Q. Do visitors to the hospital respond to the employee exhibit?
A. People stop me all the time to tell me how much they enjoy the show. When I am hanging the artwork or placing the ribbons on the work, everyone stops to talk to me about the work.
Q. How has utilizing online registration made the process easier for you?
A. This is the first year we have used it and it was great. I think a lot of people are more comfortable doing this and it's easier for them.
Q. Can you tell us how art has had a positive impact on your personal life?
A. I look at artwork much differently because of this show. As a visual artist and former gallery director, I was trained to have a critical eye and to think about art in a professional way. This show has given me a new respect for all levels of skill and all types of artwork. I am humbled by the generosity of spirit that the artists have who enter the show.

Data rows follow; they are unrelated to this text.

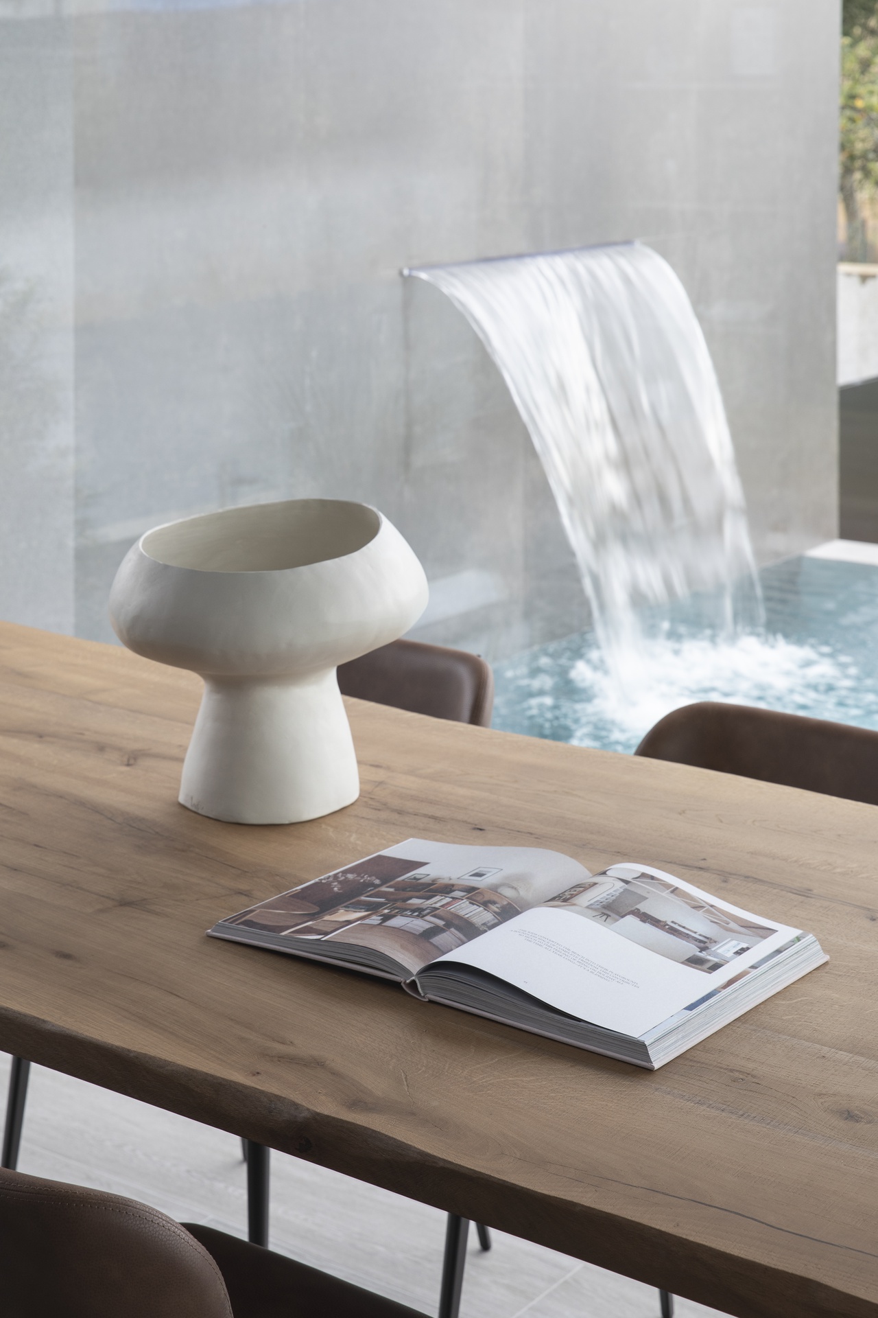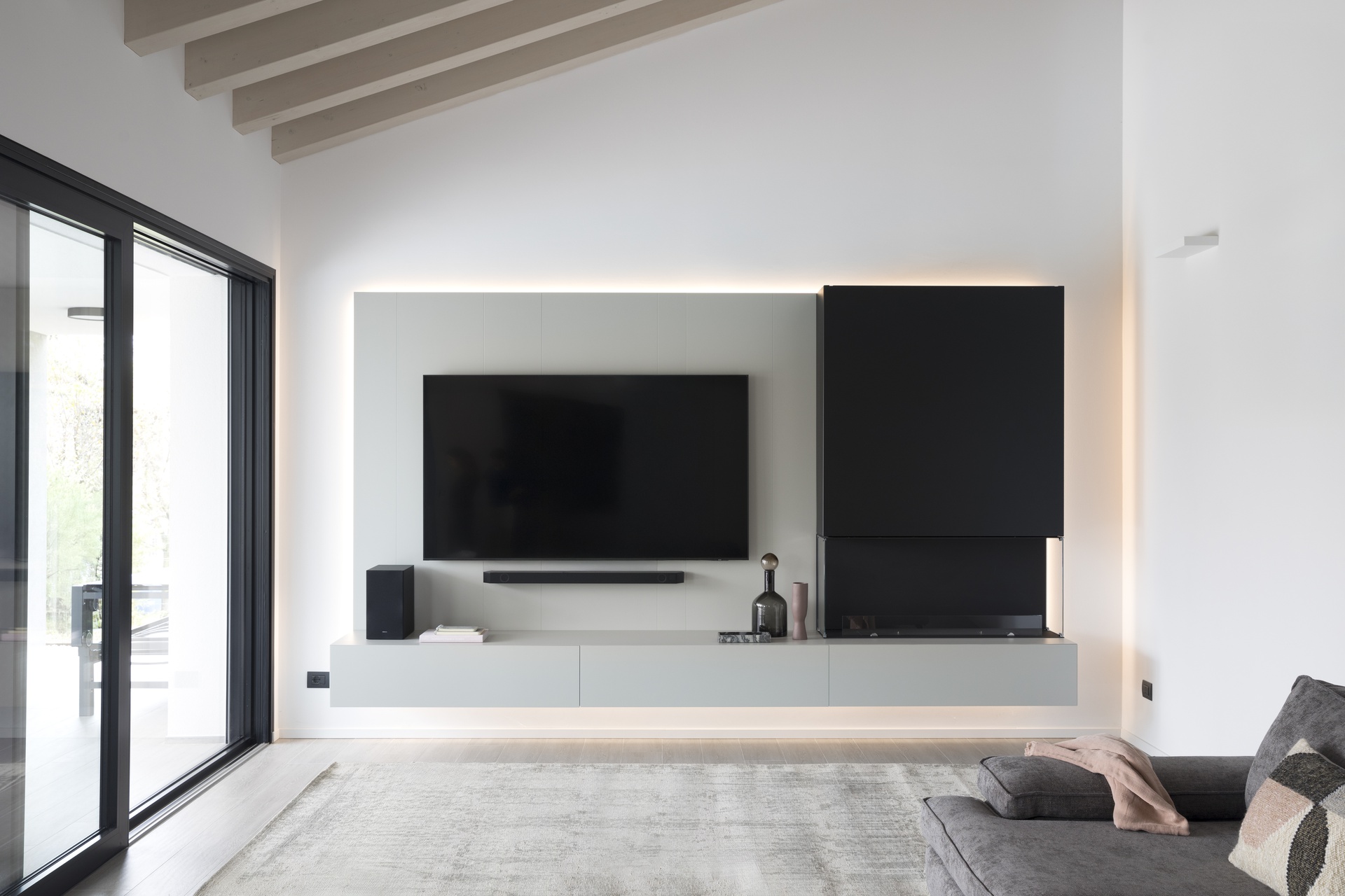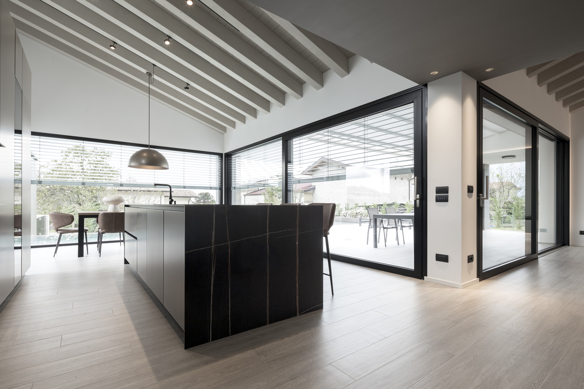 Casa SDB è caratterizzata da linee moderne e ben scandite, un gioco di volumi che contraddistingue le due zone abitative, la zona giorno con copertura inclinata metallica e la zona notte con copertura piana.Questi i tratti che caratterizzano la nuova abitazione unifamiliare disposta su un unico piano e incastrata in un terreno in pendio nelle prealpi del Friuli Venezia Giulia in provincia di Pordenone.L'intervento è costituito da una zona giorno composta da ingresso, ampia cucina, soggiorno, un unico ampio open-space completamente vetrato che si affaccia sull’ampio terrazzo esterno copribile parzialmente all’occorrenza e la lunga piscina a sfioro in testa all'edificio; il camino monolitico esterno che svetta sulla copertura crea una quinta tra l’ampio solarium e l’abitazione stessa.La zona notte è composta dal disimpegno che separa la zona padronale costituita da cabina armadio, camera e bagno, dalle camere secondarie servite da un secondo bagno; due ampi e vetrate si affacciano in una corte interna che funge da elemento di snodo fra i vari ambienti; completano il tutto un locale lavanderia, una centrale termica ed un ampio porticato sul retro dell’abitazione ad uso autorimessa.L’edificio è stato realizzato in struttura in cemento armato, con elementi verticali quali setti e orizzontamenti in soletta monolitica. Le pareti divisorie sono in struttura metallica finita con pannelli di cartongesso, mentre perimetralmente è stata realizzata una controparete interna con strato isolante e completato esternamente con cappotto. I serramenti esterni sono in alluminio con vetrocamera dotati di tapparelle elettrificate. La copertura lignea decapata della zona giorno lascia percepire la maestosità dei volumi illuminati naturalmente dal riflesso dei raggi solari che si riflettono sullo specchio d’acqua; la finitura esterna è realizzata con manto in lamiera aggraffata sulla parte inclinata e ghiaino sulle parti piane; le grondaie e i pluvali sono in lamiera preverniciata colore antracite.
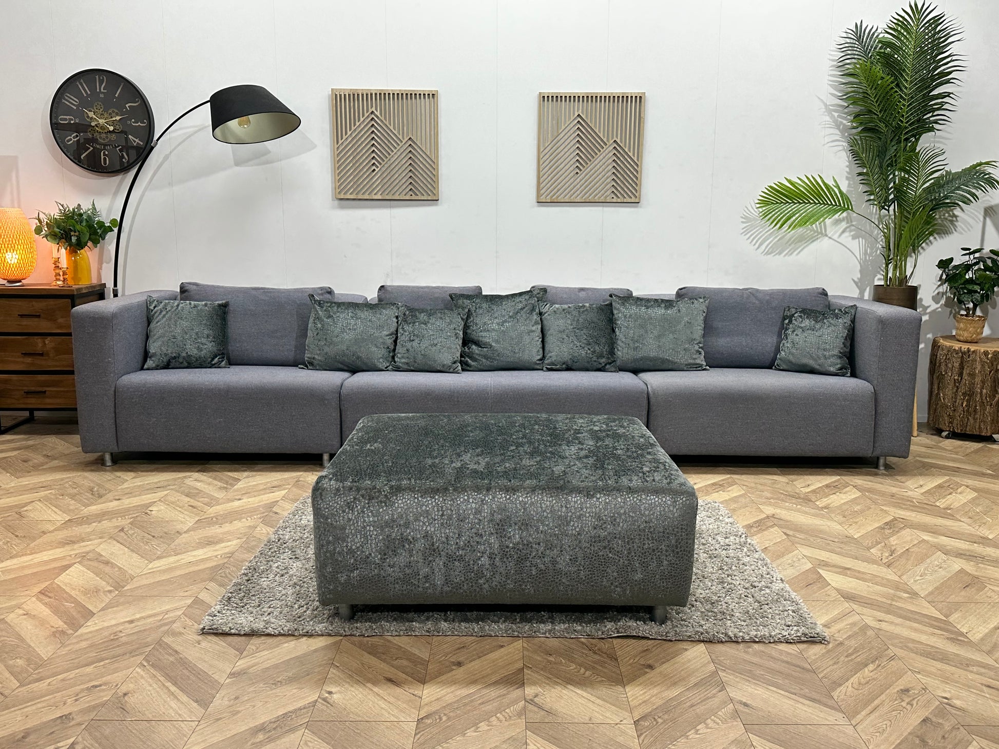 Grijze Ruime Hybride 3-Zits Bank Inc Hocker ~ Losse Rugkussens Met Afneembare Hoezen
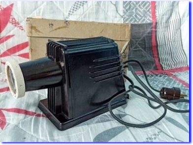 Najstarší detský bakelitový diaprojektor na premietanie kreslených diapásov a rozprávok na kinofilme 35 mm.
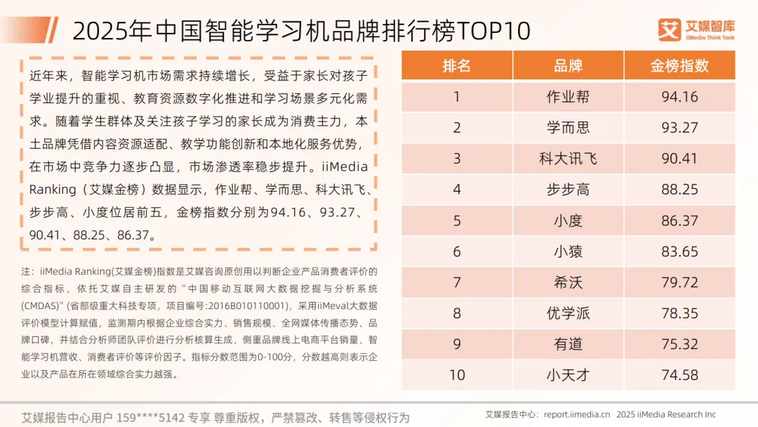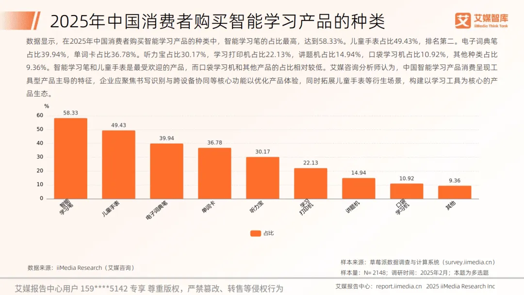 作业帮、学而思、科大讯飞位列智能学习机品牌前三,成为消费者的主流选择。家长购买智能学习机最看重学习资源,占比 66.92%,提升孩子成绩是核心用途,41.71% 的消费者能接受 2001-4000 元的中高端价位。新电商平台成为主要购买渠道,占比 67.23%,考前考点整理、错题归类是用户最偏好的功能。
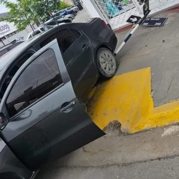 No hubo que lamentar heridos, pero el Polo terminó sobre una rampa, rompió un cartel nomenclador y terminó apenas a centímetros de la vidriera de la pañalera.
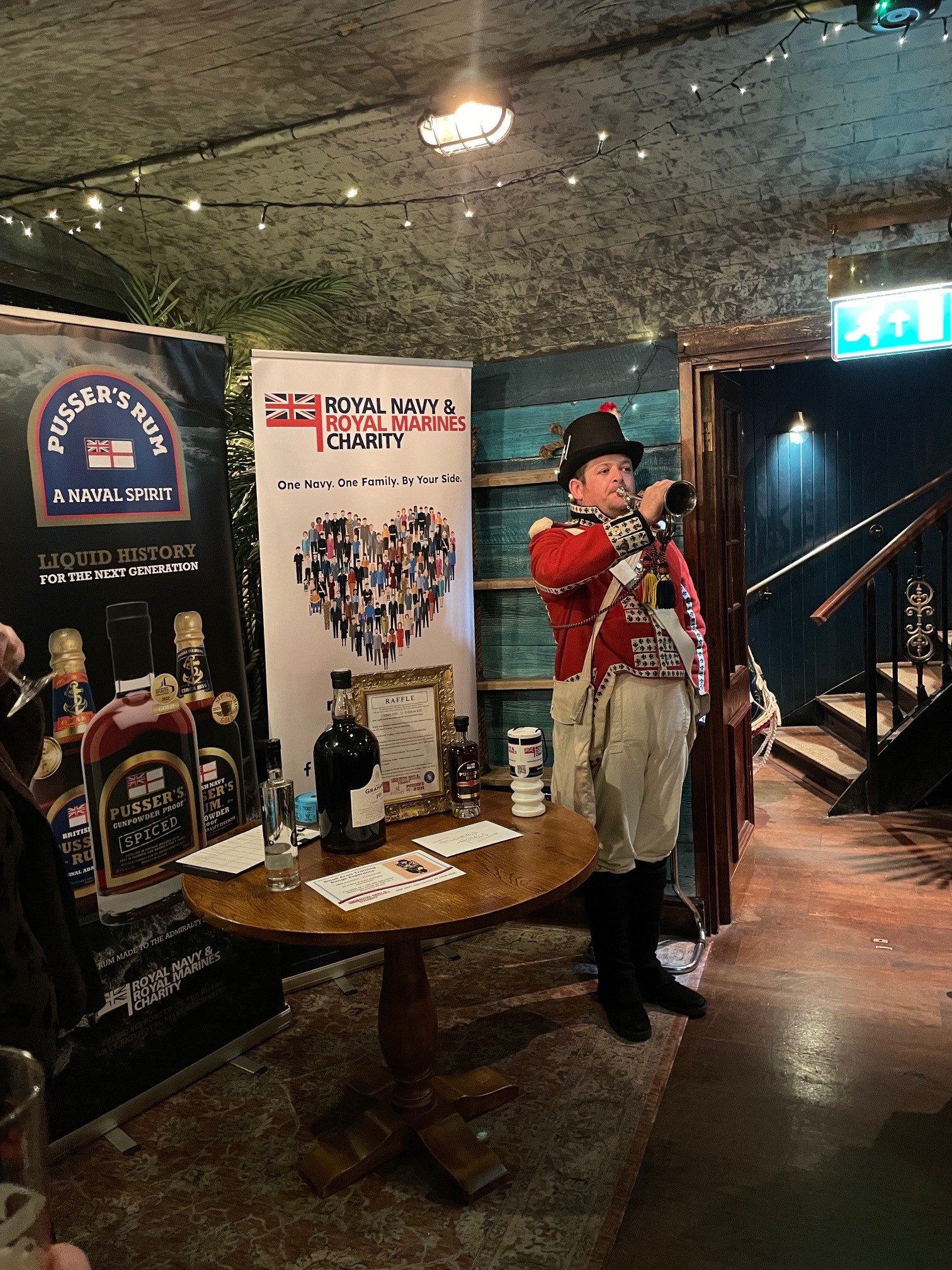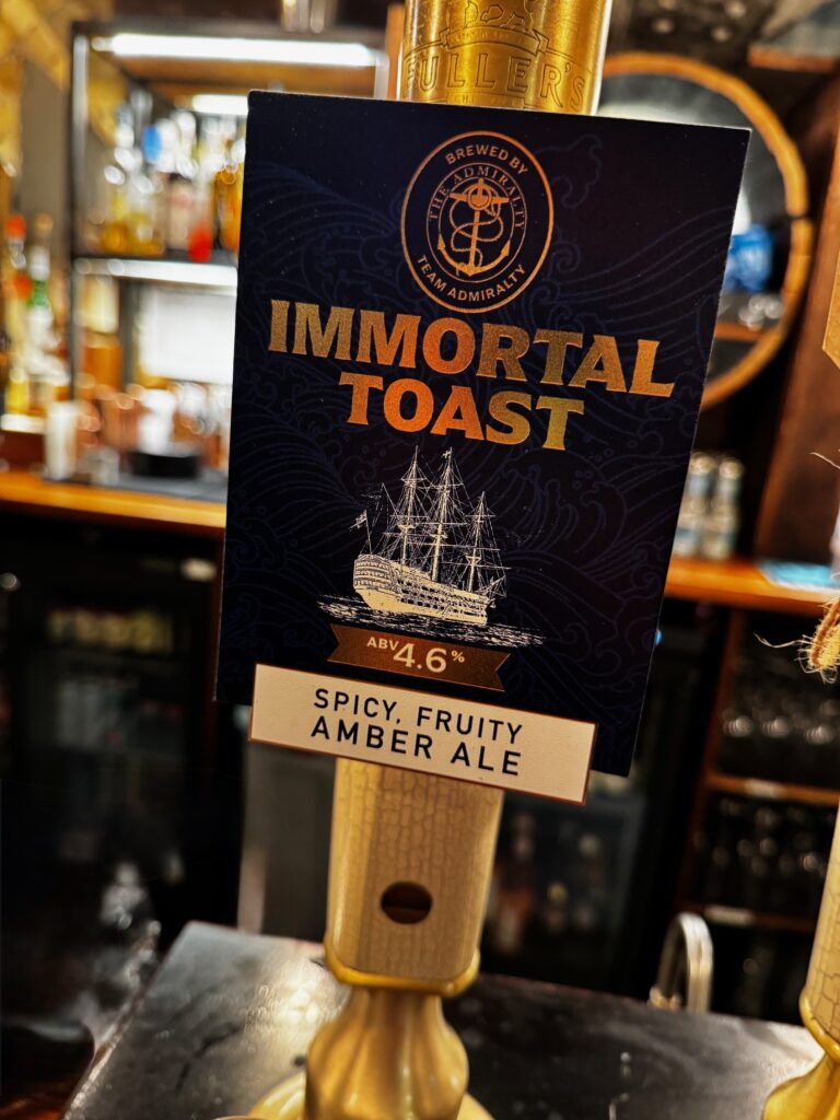 The event was sponsored by Pusser’s Rum – who also provided the rum for the toast and a bottle of its 15-year rum for the raffle. Graham’s Port also played a role in the evening’s celebrations – providing the port for the loyal toast and a gallon of port for the raffle. Adding to the drinks partnerships for the night, Sambrook’s Brewery and the pub team brewed an exclusive beer, Immortal Toast, which will be available on the bar at The Admiralty for the next few weeks.
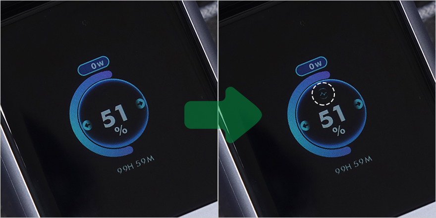 직접, 유그린 신형 200W(25000mAh) 보조배터리를 사용해 보면, 우측 전원버튼을 한번 누르면 바로 전면 상위에 위치한 스마트 TFT 디스플레이 화면이 동시에 켜집니다. 유그린 로고의 짧은 부팅이 지난 후 배터리 잔량을 보여주는데, 이전 모델과 달리 화면 디자인이 바뀐걸 바로 알 수 있으며, 켜진 상태에서 전원 버튼을 한 번 더 누르면 배터리 수명과 사용횟수를 보여줍니다. 이는 기존 보조배터리에서는 볼 수 없었던 부분으로 좀 더 보조배터리를 신경쓰고 관리할 수 있게 해줍니다. 그리고, 전원버튼을 3초 이상 누르고 있으면 전원 Off시 종료화면도 볼 수 있는데, 역시 디자인이 바뀌었습니다.
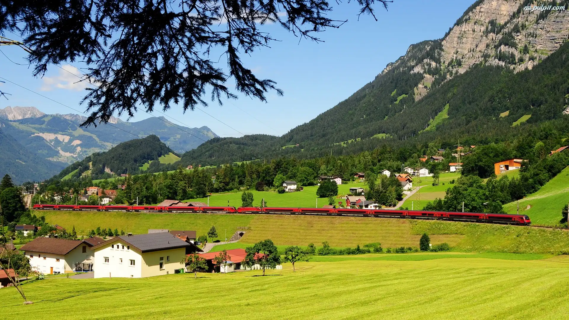 Pociąg, Drzewa, Lasy, Góry, Domy Na Pulpit
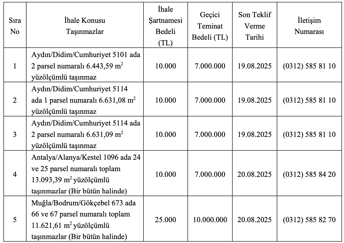 İhaleye katılmak isteyen yatırımcıların, Didim’deki taşınmazlar için 19 Ağustos 2025 tarihinde kadar, Antalya ve Muğla’dakiler için ise 20 Ağustos 2025 tarihine kadar tekliflerini sunmaları gerekli.
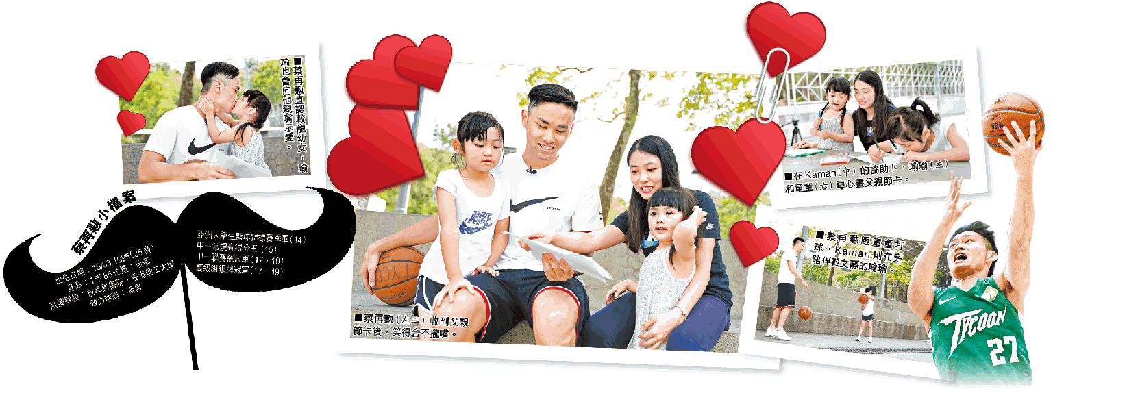 打開阿懃的社交媒體,除了跟籃球相關的帖文,就只有家人的照片,最近1、2年也不時看到他分享跟長女童童打籃球的影片。不過對阿懃來說,要跟他人分享家庭生活並非易事,只因他在18歲已為人父,當時不只有經濟負擔,心理上也承受很大壓力,「18歲便當爸爸在香港很罕見。籃球圈子很小,當時會擔心別人質疑我,認為我這麼年輕當爸爸,還有沒有餘力打球。我會胡思亂想,幸好太太開解我,說這並非壞事,被人知道也沒有甚麼大不了。」
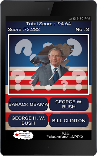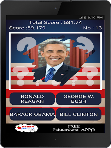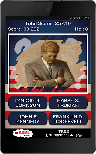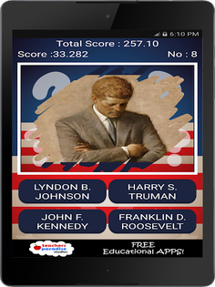 The game features multiple US Presidents quizzes. Short quizzes to keep the entire family learning about US Presidential history.
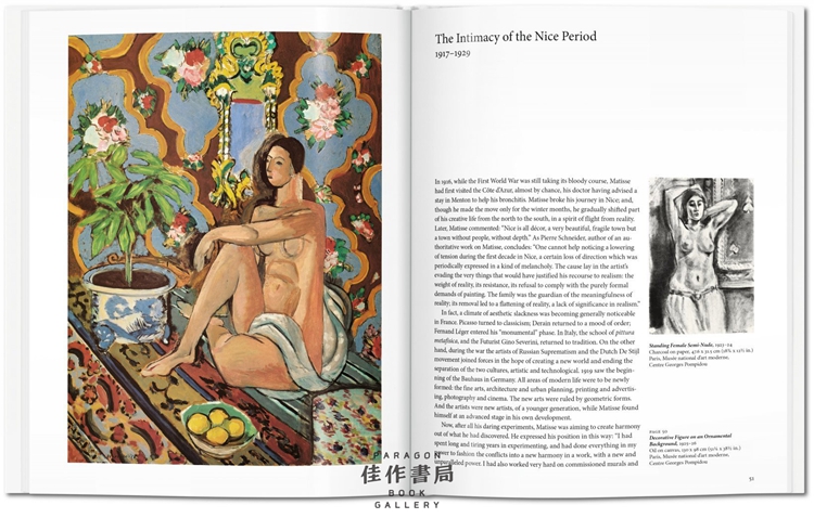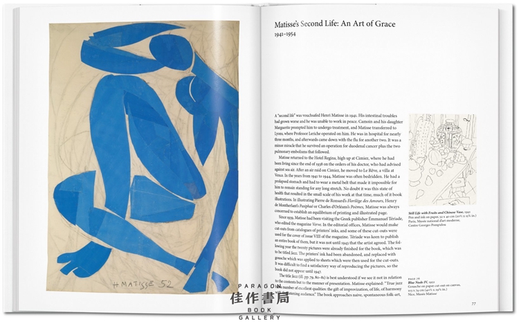 这本图文并茂的出版物内容全面且信息丰富,是与马蒂斯遗产管理方密切合作修订而成的。书中包含了创作草图、全页复制品和放大的细节图,展现了这位艺术家富有探索精神的艺术历程——从他野兽派时期的色彩辉煌,一直到他80岁高龄时发明的水粉剪纸艺术。每一幅图像都经过精心复制,营造出配得上这位卓越表现主义艺术家的观赏体验。这位色彩的吟游诗人理应得到这样的对待。

It is not about them, it is about sharing something special with those who come to the hospital each day.
Q. How did you get started in the art field or have you always been involved in the arts? Are you an artist yourself?
A. I am a visual artist by training; I received my BFA at Wayne State University in Detroit and my MFA at the Dominican University in Florence, Italy (both in painting). I have worked in the field of public art and art education since 1985. I began Children’s Hospital’s Healing Arts Program in 2004. I love being able to bring my passion for art into a world where it makes a difference in the lives of people on a daily basis at times in their lives when they need it the most.
Q. Is there anything else you want to add? Comments about the program, etc.

A. I am very grateful to the NAP for continuing to support this exhibition each year. It is wonderful for our hospital morale and provides us with great beauty each year. I am always singing your praise and encourage other hospitals and organizations to participate.